Italy has the right to confiscate the Victorious Athlete of Lysippus, exhibited in a California museum |  Culture

He Victorious Athlete —o Fano athlete—, a bronze statue from the classical Greek period (300-100 BC) attributed by scholars to the artist Lysippus and exhibited in a California museum, has to return to Italy. After a very long and intense legal battle, the Strasbourg Human Rights Court ruled this Thursday that Italy has the right to confiscate the work – which represents a young athlete touching the olive wreath on his head with his right hand. , and which is one of the few life-size Greek bronze figures in the world—to the Villa Getty museum in Malibu, which also acted with “negligence” or “bad faith” when purchasing the piece, even though it knew that Italy was trying to recover it, say the European judges.

Rome, which long ago began a fight to recover looted property, assures that the Victorious Athlete It was smuggled out and sold illegally until it ended up in the hands of the fund that manages the American museum. This may be the end of the road for the statue, at the center of a much broader controversy over the restitution of historical heritage. However, Getty has hinted that he will appeal the ruling.

The statue of the Victorious Athlete was found by fishermen in 1964 in the Adriatic Sea, off the coast of Pedaso (Marche, Italy), sold a year later to an unknown person and auctioned in Munich (Germany) by a company based in Liechtenstein , as detailed in the European ruling. Two investigations were then opened in Italy, one for the receipt and handling of a stolen archaeological object belonging to the State, and another for illegal export. In 1977, the Getty Trust, which manages the art center, purchased the statue through a contract signed in the United Kingdom for $3.95 million. He Victorious Athlete He arrived at Villa Getty, north of Los Angeles, in March 1978.

After learning of the sale, the Italian authorities began the process to recover the piece, according to the ruling of the Strasbourg Court, through institutions, Interpol orders, several internal criminal investigations, a letter of request to the United Kingdom Government – where the statue passed through—and another letter of request to the US authorities. All without any results. He Victorious Athlete ended up at the Getty Villa.

Detail of the ‘Victorious Athlete’ at the Getty Villa in Malibu, California, in 2018.Mario Tama (Getty Images)

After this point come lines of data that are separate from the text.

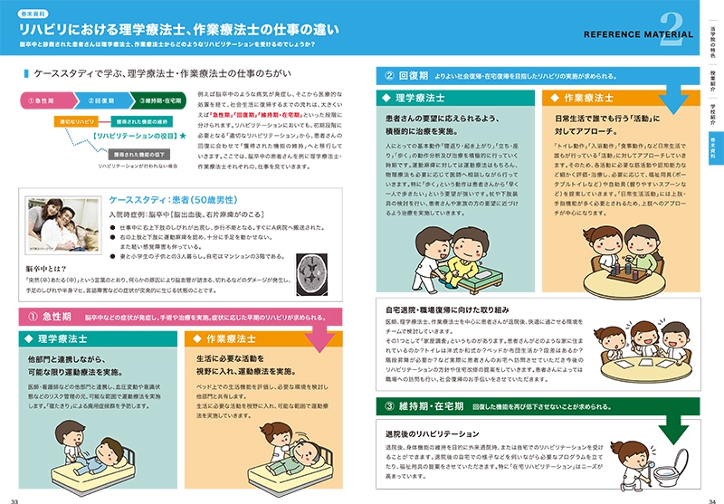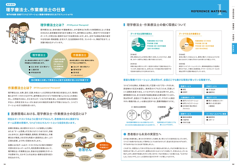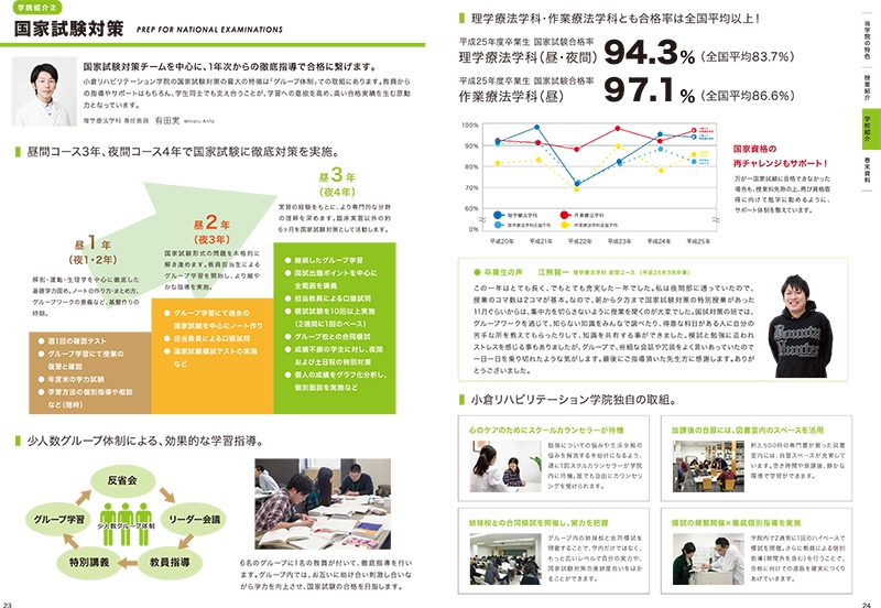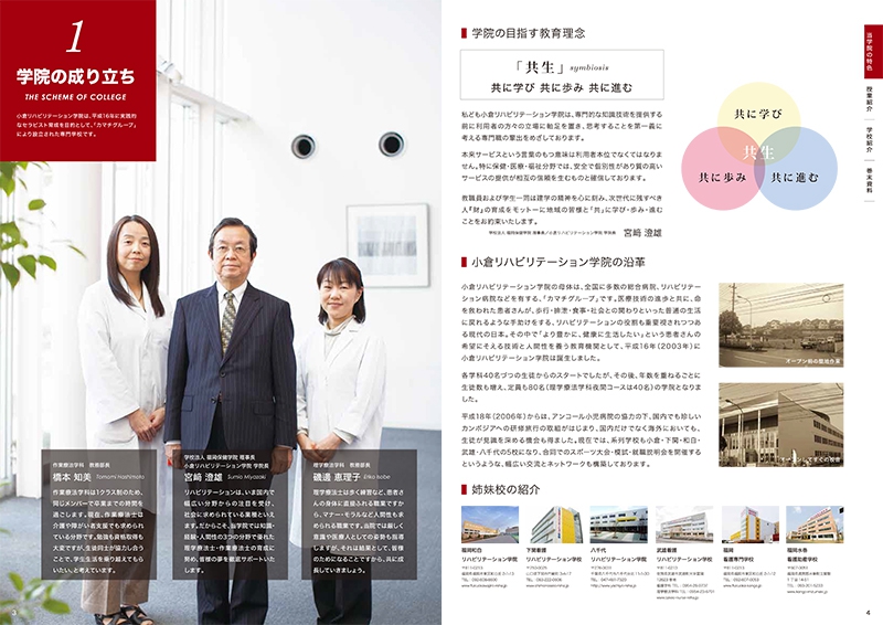 リハビリテーションに特化した、専門学校のパンフレット作成を担当させていただいた際には、まずパンフレットの目的を「新入生の獲得」「同業他社との差別化」と位置づけ、マーケティング戦略を立てるところから、はじめました。その後、生徒や先生方へのインタビュー、作業療法や理学療法に関する参考資料などを出来る限り読み、学校の魅力を文章化していきページ構成などを作りました。その後、アートディレクターとしてフォトグラファーに撮影指示を出し、最終的なデザインワークまでを、私が行いました。必要に応じてイラストレーターや、フォトグラファーなどのプロとチームを組んで仕事を行いますが、基本的に私が責任をもって、戦略構築→文章化→デザインまでの全てを行うことで、伝えるべきメッセージがブレることなく、しかも時間を効率よく使いながら、お仕事を完了させていただきました。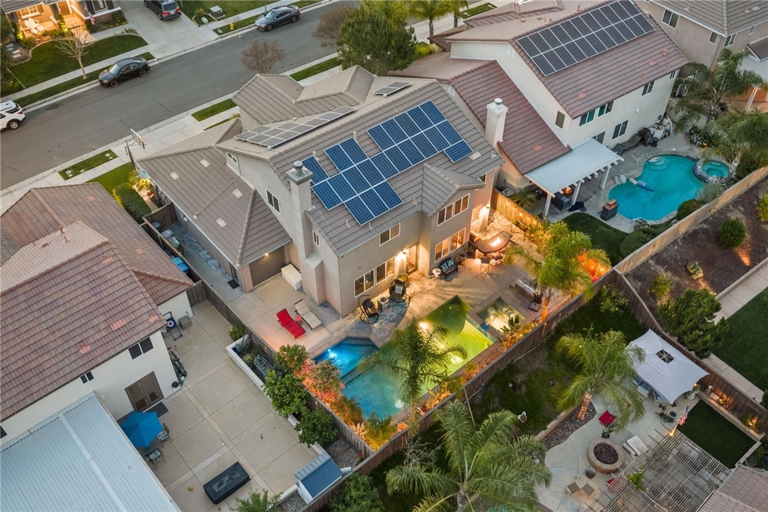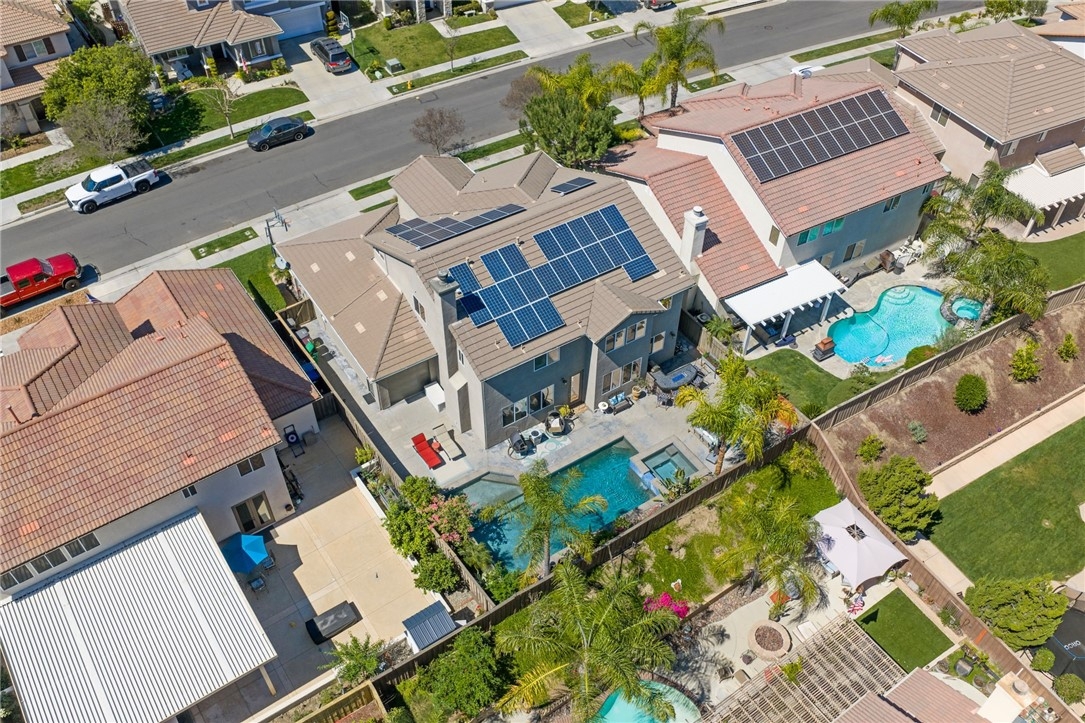 Welcome to this stunning pool home in the highly sought-after Copper Canyon neighborhood of West Murrieta, offering space, upgrades, and lifestyle with NO HOA and low taxes. Featuring 4 bedrooms, 3 bathrooms, and approximately 3,287 sq. ft., this beautifully maintained home also includes a rare 4-car garage with backyard pull-through access and solar for energy efficiency. Charming curb appeal welcomes you with a quaint koi pond (fish included) and inviting entry. Inside, the spacious floor plan offers a formal living room, dining room, first-floor bedroom, and full bathroom, ideal for guests, an office or multigenerational living. The home opens to an open-concept kitchen and family room designed for everyday living and entertaining. The upgraded kitchen features a large granite island, double ovens, butler’s pantry, walk-in pantry, soft-close drawers, under-cabinet lighting, and a built-in storage bench overlooking the pool. The family room offers a cozy fireplace and welcoming gathering space. The main floor also includes additional storage and a laundry room. Upstairs, a spiral staircase leads to the expansive second level. The primary suite includes a window bench with backyard and mountain views, a spa-like bathroom, and a large walk-in closet. Two additional bedrooms and a full bathroom complete the upper level. A massive loft/movie room offers flexible space for a media room, gym, office, or potential additional bedroom, complete with in-wall speakers, receiver, and projector. The resort-style backyard features a saltwater PebbleTec pool with Baja step, spa, waterfall features, and color-changing lights. Enjoy outdoor entertaining with a BBQ island featuring a built-in fire pit tabletop and mini fridge, along with mature fruit trees including kumquat, pomegranates, lemons, and grapes. Additional features include basketball hoop, new screens, new water heater, dual AC units, EV charger, 220V in the garage (wired for infrared sauna), crown molding, recessed lighting, ceiling fans, window tinting, whole house fan, and front and rear screen sliders for summer breezes. The home also includes a solar PPA. Conveniently located near parks and about one mile from Cole Canyon Elementary, within top-rated Murrieta schools and just 20–30 minutes from Temecula Wine Country. This exceptional Copper Canyon home offers the perfect blend of space, upgrades, and resort-style living.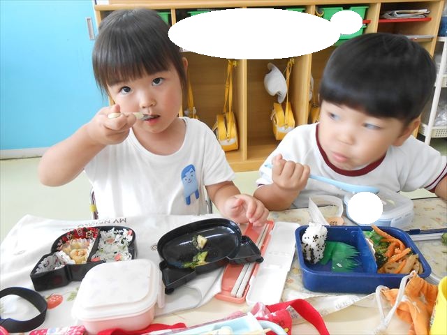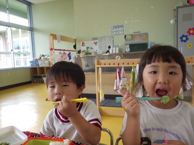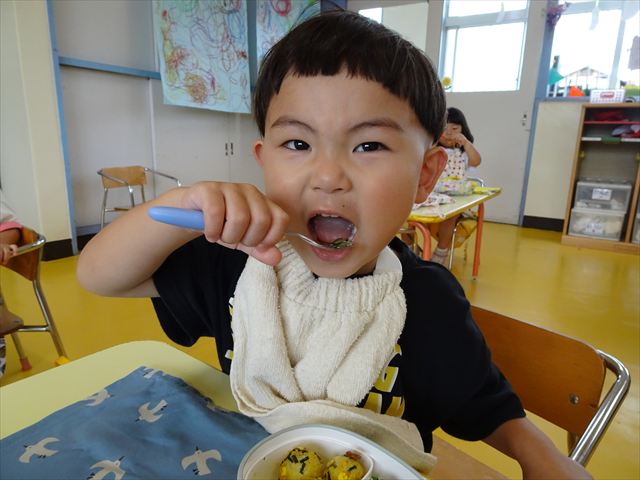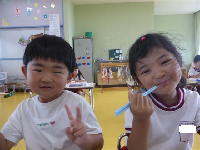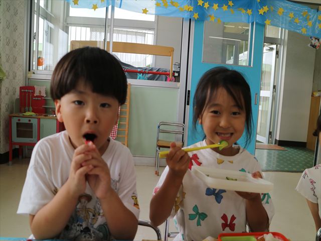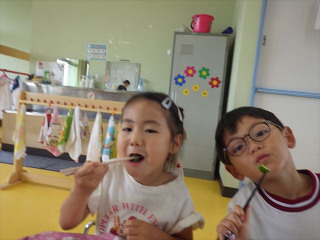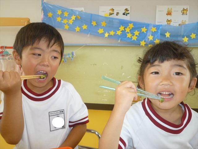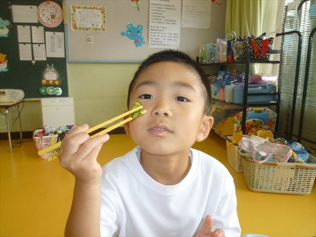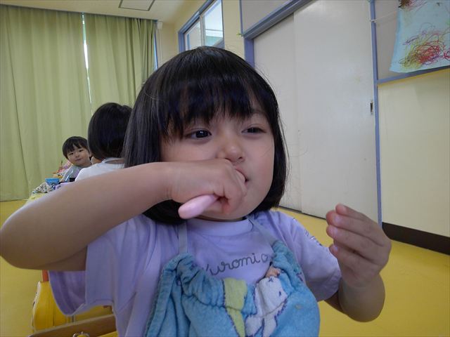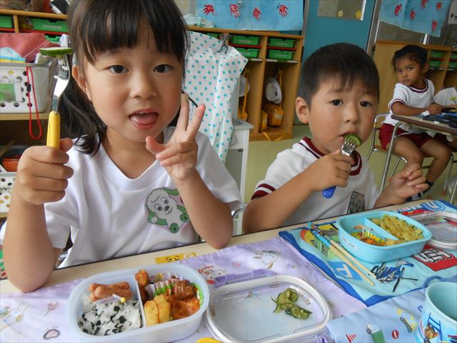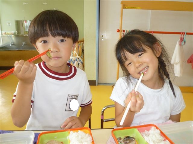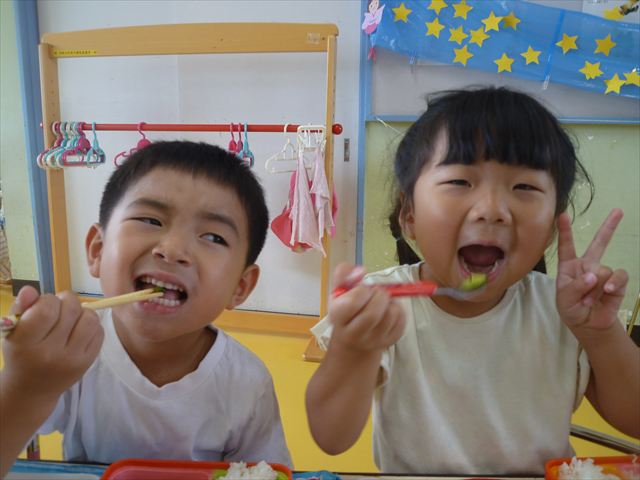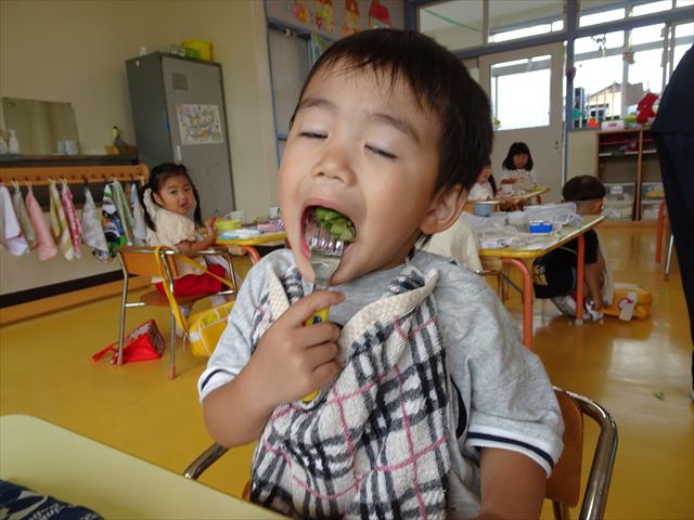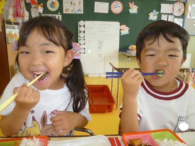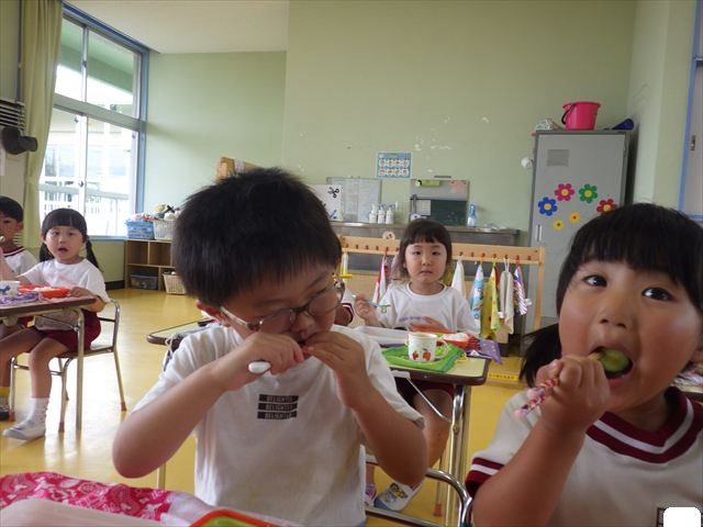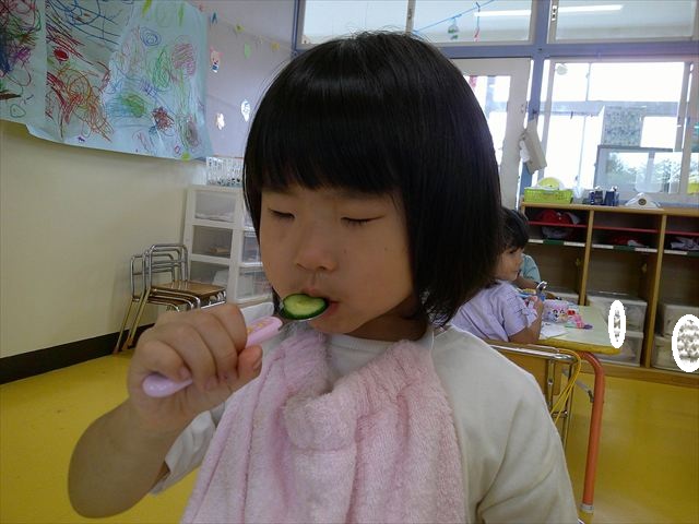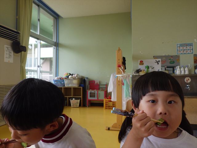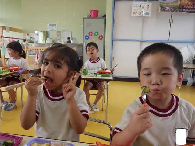 今日は園庭の畑の野菜「きゅうり、ナス、トマト、ピーマン、バジル、しそ」がたくさん実ったので収穫し、園長先生がその野菜をすべて混ぜ合わせてサラダ風漬物??を作り、全学年でいただきました。サラダオイル、塩こしょう、アジシオ、醤油等が入った独特の味の食べ物ですが、こしょうが辛いわけのに全学年、「おいしい!おいしい!」と食べてくれたようです。(^_^;) (^_^)b \(^o^)/

The Italian Ministry of Cultural and Environmental Heritage then began a diplomatic journey with the United States Government, where it used the UNESCO convention on the means to prohibit and prevent illicit imports, exports and transfers of property – to which both are signatories. Italy like the United States. Although the statue was made part of a return agreement with other archaeological treasures, the Getty refused to return the piece, claiming that the alleged crimes had expired and that the Getty Trust had acted in good faith in purchasing the statue. In 2010, diplomatic efforts transformed into a judicial journey that ended in Strasbourg.

The Getty Villa Museum, in Malibu.Alamy Stock Photo

The Italian Minister of Culture, Gennaro Sangiuliano, has been “enormously happy” about the unanimous ruling of the Strasbourg Court, as published on his social networks. Sangiuliano has explained that he will formally request help from the United States – which is not part of the Strasbourg Court agreements – to confiscate the statue. His government, that of Giorgia Meloni, has increased legal and diplomatic efforts for the restitution of cultural heritage and threatens to suspend collaborations with museums that refuse to comply with restitution orders issued by Italian courts.

Getty, who appealed to the Court of Human Rights in 2019, has three months to appeal the ruling of the high European court. If he does not do so, the sentence will be final. “We believe that Getty’s public possession for nearly 50 years of a work of art that was neither created by an Italian artist nor found on Italian territory is appropriate, ethical, and consistent with U.S. and international law,” the institution said. in a statement in which he assures that he will follow the “appropriate” legal channels to defend that he has the right to keep the figure.

European judges assure that the statue is Italian not only because the insignia of the fishing boat that located it was Italian; but also because there has been a “continuity between Greek civilization, which had expanded into Italian territory, and the subsequent Roman cultural experience.”

“The Court has considered that the Italian authorities have reasonably demonstrated that the statue had formed part of the cultural heritage of Italy and had also legally belonged to the State when the Italian courts issued the confiscation order,” the Strasbourg court says in its ruling. The European judges detail in the ruling that Italy has the right to recover the piece under several international instruments to protect cultural property, stolen property and the return of cultural property illegally removed from a State. The list of laws and regulations that support confiscation and that includes the sentence is long.